John Williamson
Contributions to Fondad publications
- 2007 Global Imbalances and Developing Countries: Remedies for a Failing International Financial System
- 2005 Protecting the Poor: Global Financial Institutions and the Vulnerability of Low- Income Countries
- 2001 New Challenges of Crisis Prevention: Addressing Economic Imbalances in the North and Boom-Bust Cycles in the South
- 2000 The Management of Global Financial Markets
- 1993 The Pursuit of Reform: Global Finance and the Developing Countries
- 1992 Fragile Finance: Rethinking the International Monetary System
John Williamson (1937) is senior fellow at the Institute for International Economics in Washington D.C. since its founding in 1981. He has taught at the Universities of York (1963-68) and Warwick (1970-77) in England, the Pontifícia Universidade Católica do Rio de Janeiro (1978-81) in Brazil, as a visiting professor at MIT (1967 and 1980), LSE (1992), and Princeton (1996), and is an honorary professor at the University of Warwick (since 1985).

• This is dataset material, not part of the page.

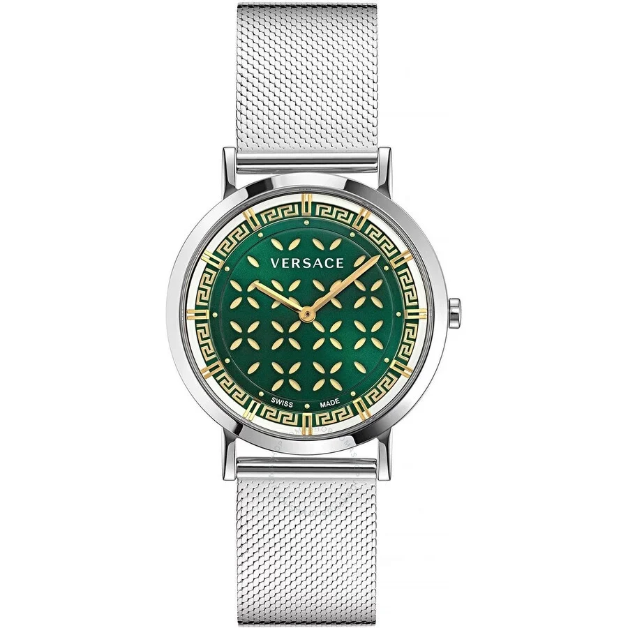 Silver-tone stainless steel case with a silver-tone stainless steel mesh bracelet. Fixed silver-tone stainless steel bezel. Green dial with gold-tone hands and index hour markers. Dial Type: Analog. Quartz movement. Scratch resistant sapphire crystal. Pull / push crown. Solid case back. Round case shape, case size: 36 mm, case thickness: 7 mm. Band width: 17 mm. Fold over clasp. Water resistant at 50 meters / 165 feet. Functions: hour, minute. New Generation Series. Casual watch style. Watch label: Swiss Made. Versace New Generation Quartz Green Dial Ladies Watch VE3M01123. CASE Case Size: 36 Case Thickness: 7 mm Case Material: Stainless Steel Case Shape: Round Case Back: Solid BAND Band Material: Stainless Steel Mesh Band Type: Bracelet Band Color: Silver-tone Band Width: 17 mm Clasp: Fold Over DIAL Dial Color: Green Type: Analog Crystal: Scratch Resistant Sapphire Hands: Gold-tone Dial Markers: Index Bezel: Fixed Bezel Color: Silver-tone Bezel Material: Stainless Steel Crown: Pull / Push INFORMATION Brand: Versace Series: New Generation Collection Name: New Generation Gender: Womens Model: VE3M01123 Watch Label: Swiss Made Movement: Quartz FEATURES Water Resistance: 50 meters / 165 feet Functions: Hour, Minute Watch Features: Stainless Steel, Gold, Analog ADDITIONAL INFO Watch Style: Casual Warranty: 2 Year Jomashop Warranty Jomashop Sku: VER-VE3M01123 Department: Watches

He was an economic consultant to the UK Treasury (1968-70), advisor to the International Monetary Fund (1972-74). From 1996-99 he was on leave from the Institute of International Economics to serve as chief economist for the South Asia Region of the World Bank. He was project director for the UN High-Level Panel on Financing for Development (the Zedillo Report) in 2001.
He is author, co-author, editor, or coeditor of numerous studies on international monetary and development issues. His most recent publication is Reference Rates and the International Monetary System (Institute for International Economics, 2007).